It’s been a while since I discussed my identity on here. And there have been some updates as I’ve grown into one label, and out of another.
I am very much nonbinary and working towards transitioning. I will be legally changing my name to Max, if not Maximum. We’re getting new scrubs at work and my new scrubs will have Max on them in place of my dead name. (Remind me to post why that’s possible next.) I am working towards getting a massive breast reduction, though probably not complete top surgery. Hopefully, with my history of neck, shoulder, and back pain, my insurance will cover the reduction. I’m not sure how much I care to transition beyond that. I already have short hair and don’t wear makeup. I live in scrubs, which are gender-neutral. I’m not really interested in hrt. So I think I’ll be done after the name change and the surgery.
The one thing that has changed is my sexuality. While I still identify as ace, but that’s more based on sex repulsion due to an OCD hangup with body fluids than whether I’m actually sexually attracted to people.

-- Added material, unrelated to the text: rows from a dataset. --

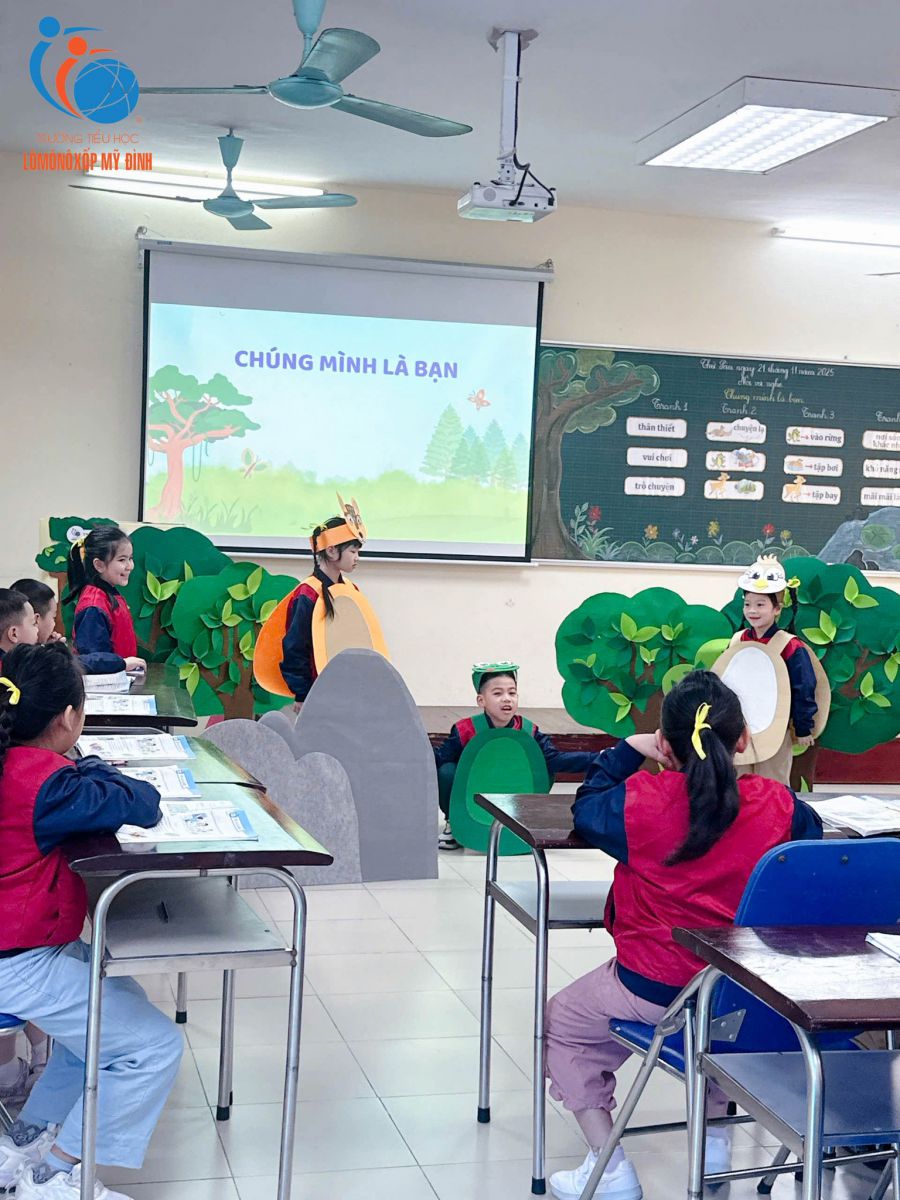 Trong tiết chuyên đề, các em học sinh được kể chuyện, sắm vai và hóa thân thành những nhân vật đáng yêu như nai vàng – ếch ộp – chim sơn ca. Những màn trình diễn đầy cảm xúc và tự nhiên của các con đã tạo nên một không khí học tập vui tươi, giàu trải nghiệm.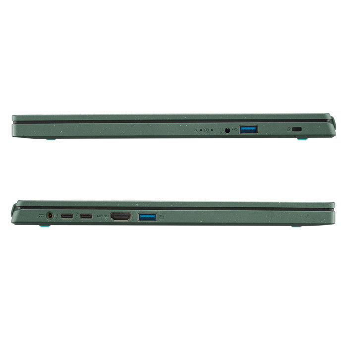 В верхней и нижней панелях, рамке экрана и рабочей поверхности Acer с гордостью использует переработанный пластик.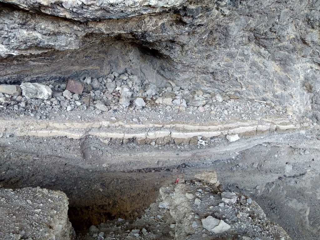 The least disruptive method of identifying an archaeological site within a rockshelter is to look for artifacts on the surface. This may be a problem, because the accumulation of sediment on the floor has likely buried all the artifacts and hidden them from view. But artifacts may still be visible along the “dripline.”
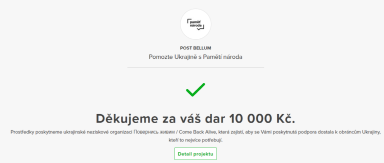 Odeslali jsme na konto POST BELLUM, v rámci svých možností, částku 10 000Kč.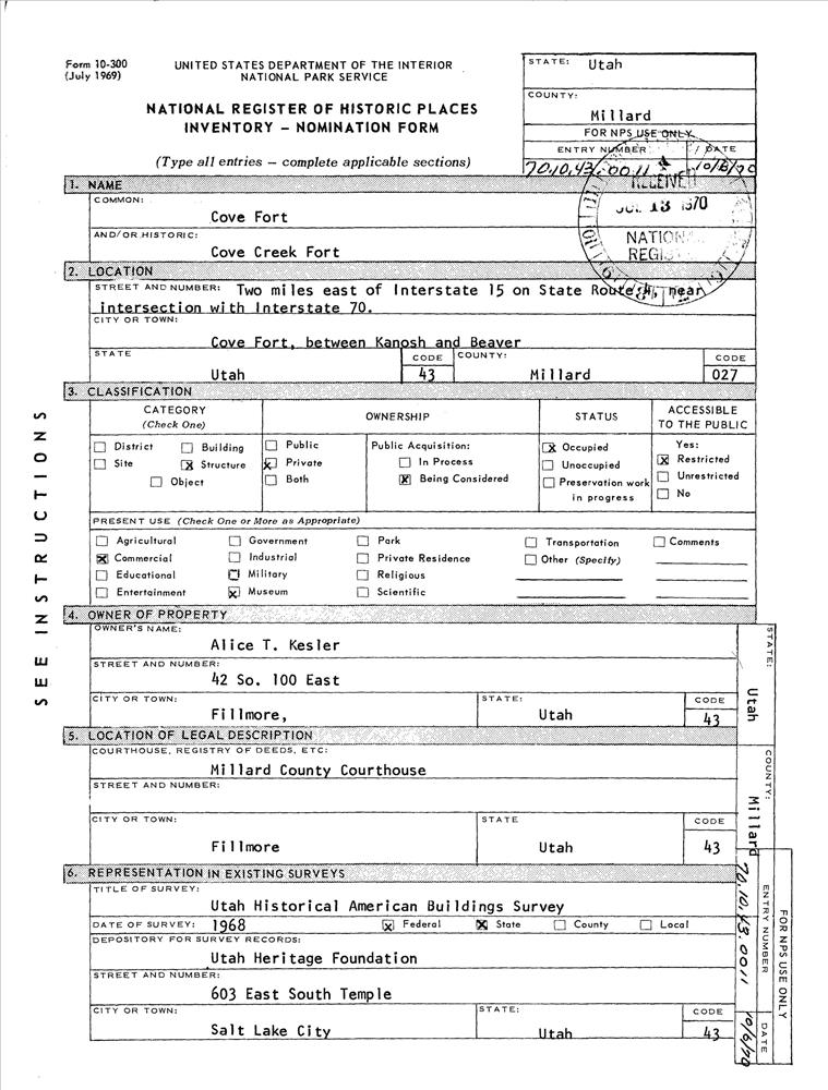Cove Fort ; 2 mi. E of I-15 on UT 4
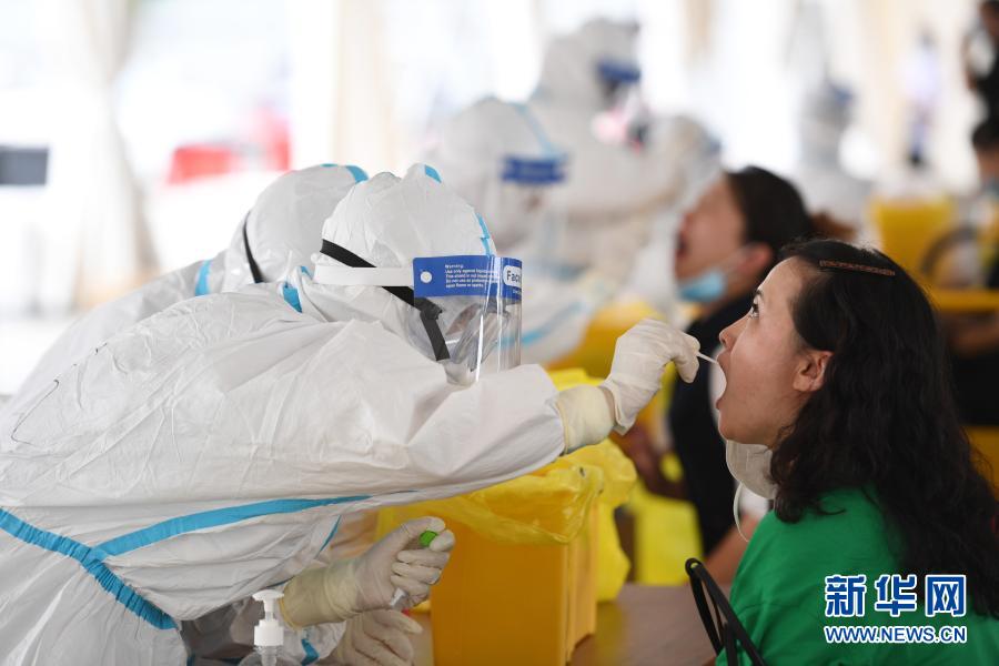 醫(yī)護(hù)人員在大連市人民路小學(xué)核酸檢測(cè)采樣點(diǎn)為市民采集咽拭子(7月27日攝)。新華社記者 龍雷 攝
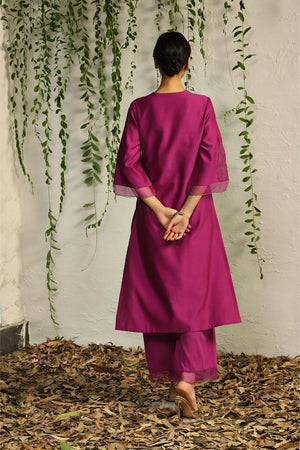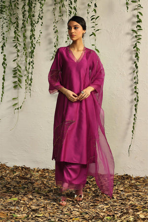 Pop pink chanderi straight kurta set- Set of 3

When I opened my mind to that, I realized that I’m just not really into men. But strong women with swords? Make me weak. I also like femme women. Really just any women. So I guess what I’m saying is, I’m a whole ass lesbian. Which, now that I know, I’m not sure why it took me so long to realize this.
What about Pat? Well, for starters, they don’t go by Pat anymore. We’re sorting out what to call them when. But also, I knew 15 years ago that I was marrying a woman. It just… hadn’t really been acknowledged more than just on the surface level. However, part of my spouse’s midlife crisis involved a huge gender crisis. I won’t toss out labels because they are still evolving sometimes on a daily basis even, as new ones are tried on to see what fits, but wherever this lands, I assure you I can be attracted to my spouse and be a huge lesbian.
So I guess that’s where things stand for now. I’m pretty comfortable with my new labels and I don’t see them changing again. But, that’s what I said last time.